Professional ratings
Review scores
| Source | Rating |
| AllMusic | Star |
| Christgau's Record Guide | B− |
| Ebony | mixed |
| Jazz Digest | positive |
| Rolling Stone | mixed |

==Reception==
Commercially, Hey Now Hey was considered a failure. It was Franklin's first Atlantic album to miss the Top 25 of the main Billboard chart, peaking at number 30, and reaching number 2 on the R&B albums listing. The album's first offering, "Master of Eyes (The Deepness of Your Eyes)," was a miss, peaking at number 33 on the pop charts and number 8 on the R&B charts and was subsequently not included on the album.
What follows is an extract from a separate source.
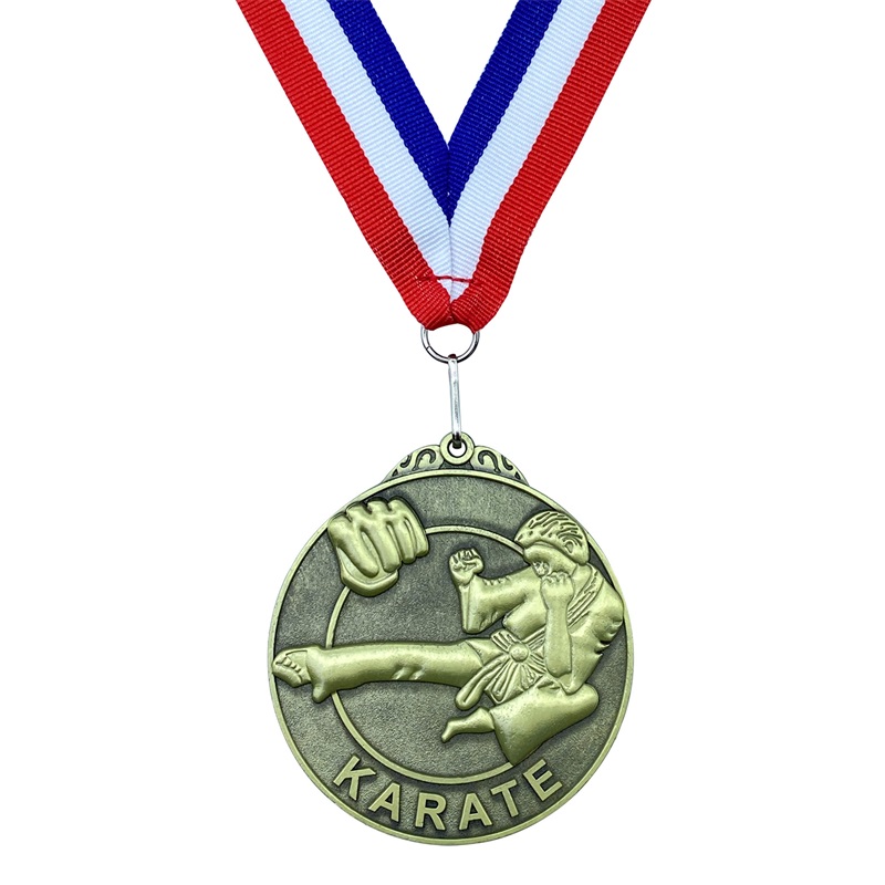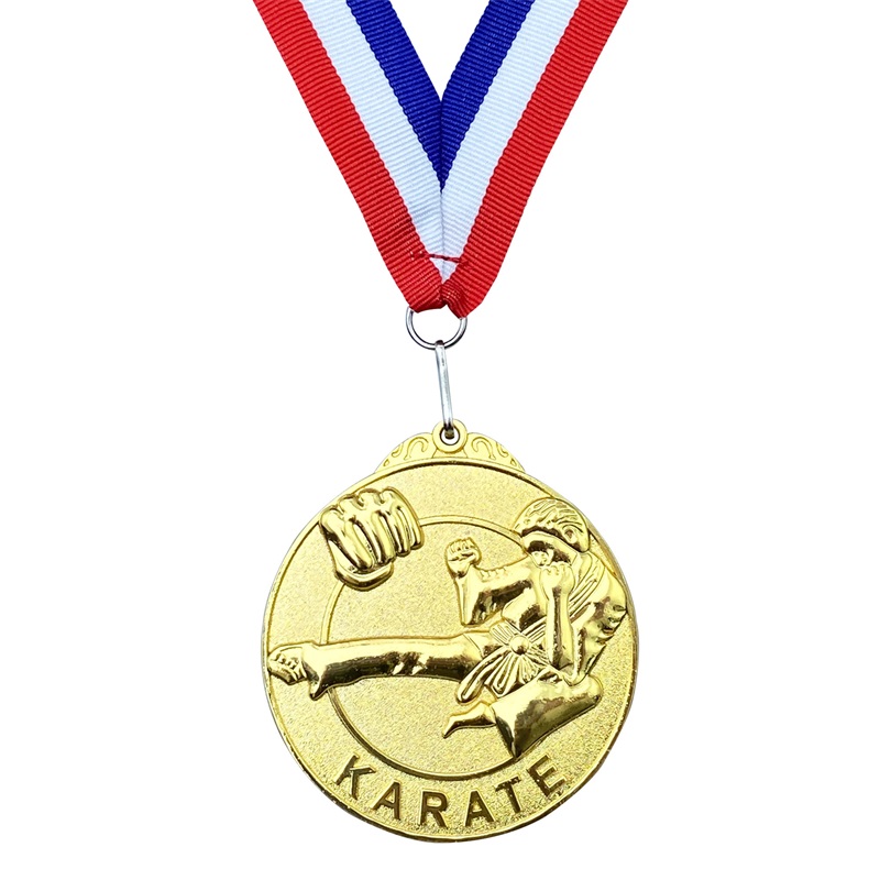 This gold/silver/red copper medal features dynamic karate-themed reliefs (punches, kicks, and gi details) that capture martial arts energy. Ideal for karate tournament divisions—from youth belt tests (recognizing skill progression) to adult black belt championships (honoring match winners)—it merges durable metal construction with sport-specific symbolism for meaningful competition recognition.

However, "Angel", written by Franklin's younger sister Carolyn Franklin, proved to be a redeeming entry, restoring Franklin to the No. 1 spot on the R&B chart and top 20 on the pop chart.

The album divided critics at the time. Rolling Stone praised Aretha's singing and certain moments but criticized Jones' productions and called the Aretha-written compositions as underdeveloped, anemic, and not measuring up to the standards she'd set for herself previously. Jazz Digest criticized the album's cover, but said that "Ms. Franklin is cooking her tail off here!" and complimented her as "the only emergent singer of the '60s with anything to say." Ebony called the album "a very mixed bag," but noted that "Angel" "presents Aretha at her best."

==Track listing==
Side One
1. "Hey Now Hey (The Other Side of the Sky)" (Aretha Franklin) – 4:41
2. "Somewhere" (Leonard Bernstein, Stephen Sondheim) – 6:14
3. "So Swell When You're Well" (James Booker, Aretha Franklin) – 4:14
4. "Angel" (Carolyn Franklin, Sonny Sanders) – 4:26
5. "Sister from Texas" (Aretha Franklin) – 3:08
Side Two
1. "Mister Spain" (Carolyn Plummer) – 6:41
2. "That's The Way I Feel About Cha" (Bobby Womack, Jim Grisby, Joe Hicks) – 7:10
3. "Moody's Mood" (James Moody, Jimmy McHugh, Dorothy Fields) – 2:55
4. "Just Right Tonight" (Aretha Franklin, Avery Parrish, Buddy Feyne, Quincy Jones, Robert Bruce) – 7:42
CD reissue bonus track
1. "Master of Eyes (The Deepness of Your Eyes)" (Aretha Franklin, Bernice Hart) – 3:25

==Personnel==
- Aretha Franklin – lead vocals, acoustic piano solo (2, 3)
- Spooner Oldham – keyboards
- Billy Preston – acoustic piano solo (9)
- Jimmy Johnson – guitar
- Tommy Cogbill, Jerry Jemmott – bass guitar
- Roger Hawkins, Richie Pratt – drums
- Phil Woods – alto saxophone (2)
- Joe Farrell – tenor sax solo (4), flute solo (6)
- Willie Bridges – saxophone
- Charles Chalmers – saxophone
- Andrew Love – saxophone
- Floyd Newman – saxophone
- Wayne Jackson – trumpet

===Technical personnel===
- Producers – Quincy Jones and Aretha Franklin
- Recording Engineer – Phil Schier
- Remixing – Gene Paul (track 1); Quincy Jones and Phil Schier (tracks 2–9).
- Track 1 remixed at Record Plant; tracks 2–9 remixed at Atlantic Studios (New York, NY).
- Mastered at Artisan Sound Recorders (Hollywood, CA).
- Album Design – Ken Cunningham, Jim Dunn and Aretha Franklin.